Текст книги "Краковский замок"
Автор книги: Николай Полевой
сообщить о нарушении
Текущая страница: 2 (всего у книги 2 страниц)
Он оборотился потом к офицерам: "Добрый день, добрый день, добрый ли будет, увидим, а теперь…" Он обводил быстрыми своими глазами всех присутствовавших, и глаза его остановились на приехавшем драгуне.
– Что ты, удалец? Ты из Кракова, как видно по мундиру?
– Точно так, ваше превосходительство; штафетой к вам.
– Эстафетой? А что тебе попритчилось! Видишь, какой народ? Эстафету к Суворову… Что? Чай, у коменданта каша сплыла? А?
– В Кракове не благополучно.
– Что? Комендант сухарей объелся?
– Никак нет; Краков захватили поляки.
Суворов отскочил на три шага и крепко ударился в толстого майора; тот заохал; Суворов прыгнул в другую сторону и уставил глаза на ушибленного воина.
– Вот тебе раз: тут солдатское брюхо дорогу загородило, а там Краков взяли… а там народ одурел! Эй ты, солдат, одурел ты, что ли? – спросил Суворов драгуна.
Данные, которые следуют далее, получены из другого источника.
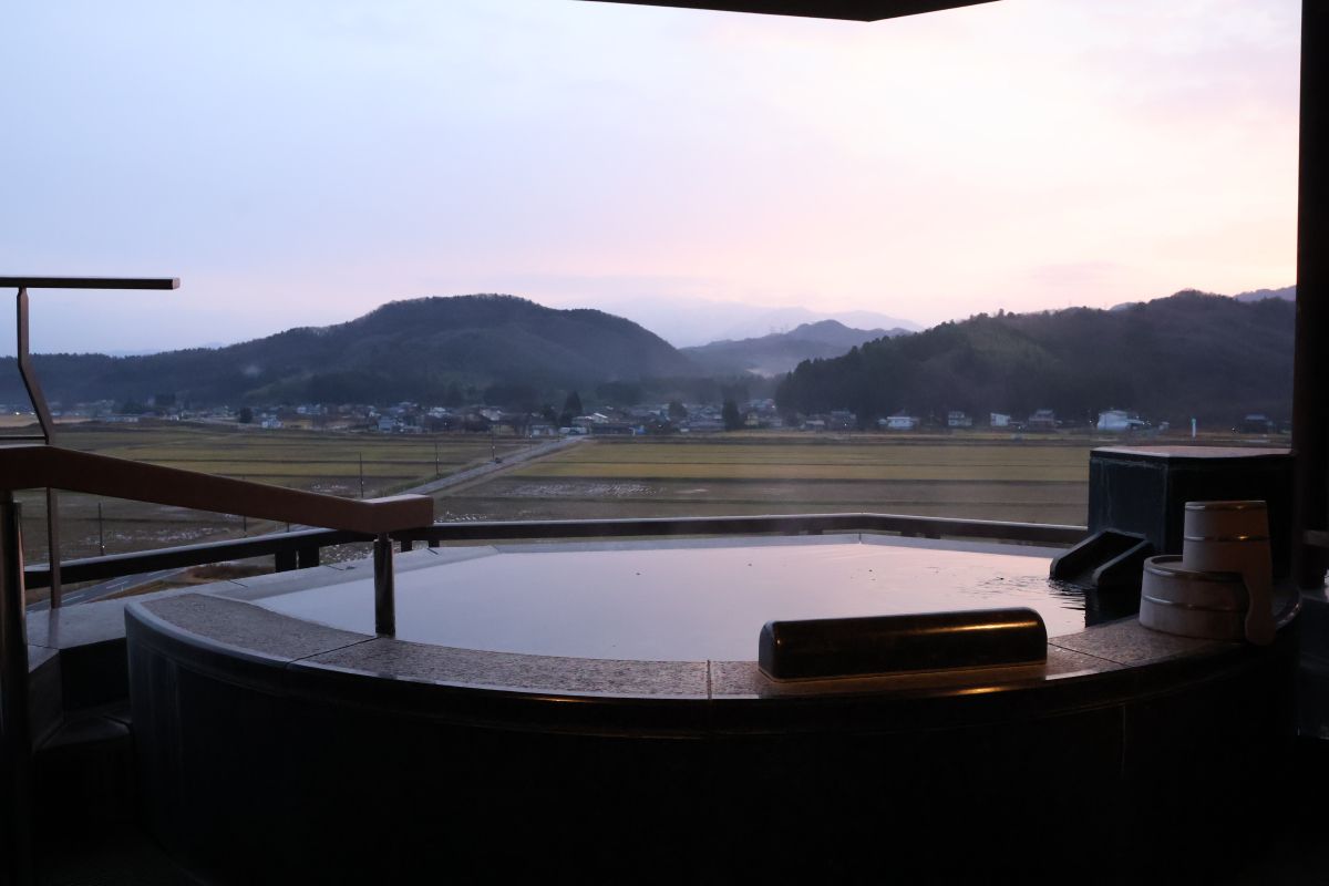 目の前に広がる田園風景と朝焼けがとっても美しく、冷えて澄んだ空気も心地よくて、ついつい長湯になってしまいました。個人的にはあまり気にならなかったのですが、開放的な見晴らしなので気になる方は早朝か夜、天気が良ければ星空を見ながら……なんて入り方も素敵かも。

– Никак нет, ваше превосходительство.
– Давай бумагу! – Суворов вырвал пакет из рук его, сорвал печать, читал скоро и говорил читая:
– "Сим честь имею донести…" Честь! Экая честь! Спасибо, что учтив – дипломатика, архиплутика! "Честь имею донести, что нечаянною оказиею вчерашний день неприятель овладел Краковским замком…" Нечаянною, чаянною, отчаянною! Дурак, дурак! будто у солдата есть нечаянное? У солдата три уха: втрое слышит; шесть глаз: втрое видит. "Овладел Краковским замком, и войска наши ретировались в беспорядке из города…" Ретировались! Русские ретировались! Ах! Съел ты меня, да и с косточками! – Он смял письмо руками, но успокоился, расправил и продолжал: – "Из города. Сильные партии поляков собираются в город, и мы ждем диспозиций ваших". Диспозиций, экскузаций… Я вас, я вас… – Он затопал ногами с притворным гневом. Все офицеры молчали.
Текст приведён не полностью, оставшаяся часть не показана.